Segment Start: INFORMATION GIVEN

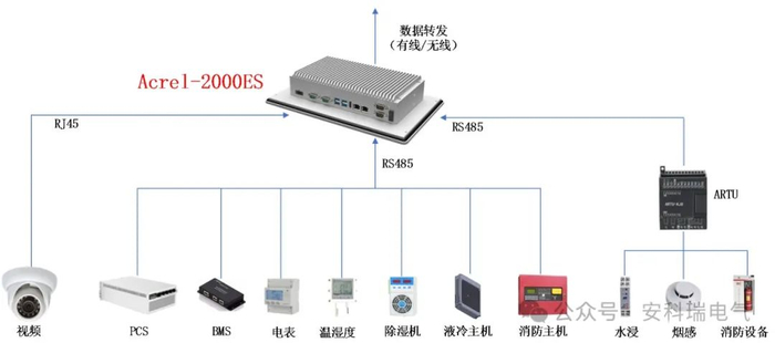 Acrel-2000ES,可通过直采或者通过通讯管理机或串口服务器将储能柜或者储能集装箱内部的设备接入系统。系统结构如下:
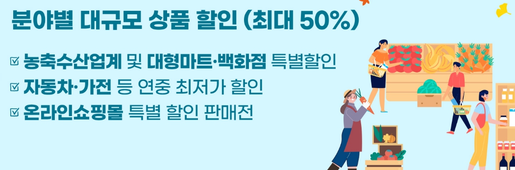 단순한 세일 행사가 아닌, 국민이 체감할 수 있는 품목 위주로 실속 있게 꾸려졌습니다. 김장철 식자재, 겨울철 간식, 가전제품, 자동차, 숙박, 문화서비스 등 전 세대가 참여할 수 있는 상품군이 폭넓게 포함되어 있습니다.
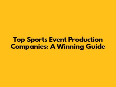 Top Sports Event Production Companies: A Winning Guide
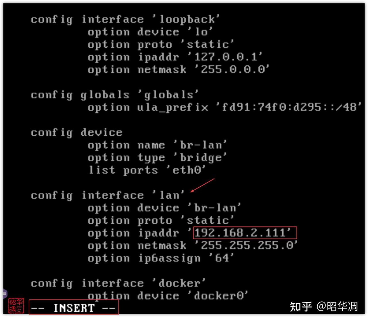 vi /etc/config/network
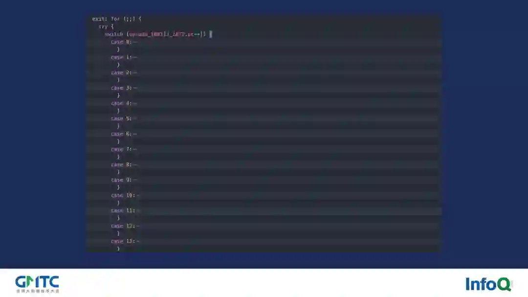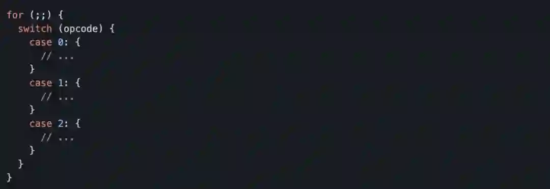 像这个一千万次的加法测试,大家可以发现 2.0 版本相比于 1.0.6 版本快 2 倍多,同时相比于 quickjs 的 WebAssembly 版本只慢了 17.39%,整个性能的提升是非常让人兴奋的。那怎么达到的呢?实际上也很简单,回到我们最开始的时候关于栈机的部分,从下图我们可以看到,栈机的实现都会有一个经典的 switch-case 结构,并且通过上面的介绍我们也知道,这个大循环里的 switch-case 是非常影响分支判断的,那么如果要在我们上述优化方案的基础上再进行优化,那唯一的思路就是:取消掉整个大循环里及其 switch-case。

Segment End: INFORMATION GIVEN

_ABOUT THIS EXERCISE_
Could you restate every record above word for word, leaving the pictures out?

_RESPONSE_
 Acrel-2000ES,可通过直采或者通过通讯管理机或串口服务器将储能柜或者储能集装箱内部的设备接入系统。系统结构如下:
 단순한 세일 행사가 아닌, 국민이 체감할 수 있는 품목 위주로 실속 있게 꾸려졌습니다. 김장철 식자재, 겨울철 간식, 가전제품, 자동차, 숙박, 문화서비스 등 전 세대가 참여할 수 있는 상품군이 폭넓게 포함되어 있습니다.
 Top Sports Event Production Companies: A Winning Guide
 vi /etc/config/network
 像这个一千万次的加法测试,大家可以发现 2.0 版本相比于 1.0.6 版本快 2 倍多,同时相比于 quickjs 的 WebAssembly 版本只慢了 17.39%,整个性能的提升是非常让人兴奋的。那怎么达到的呢?实际上也很简单,回到我们最开始的时候关于栈机的部分,从下图我们可以看到,栈机的实现都会有一个经典的 switch-case 结构,并且通过上面的介绍我们也知道,这个大循环里的 switch-case 是非常影响分支判断的,那么如果要在我们上述优化方案的基础上再进行优化,那唯一的思路就是:取消掉整个大循环里及其 switch-case。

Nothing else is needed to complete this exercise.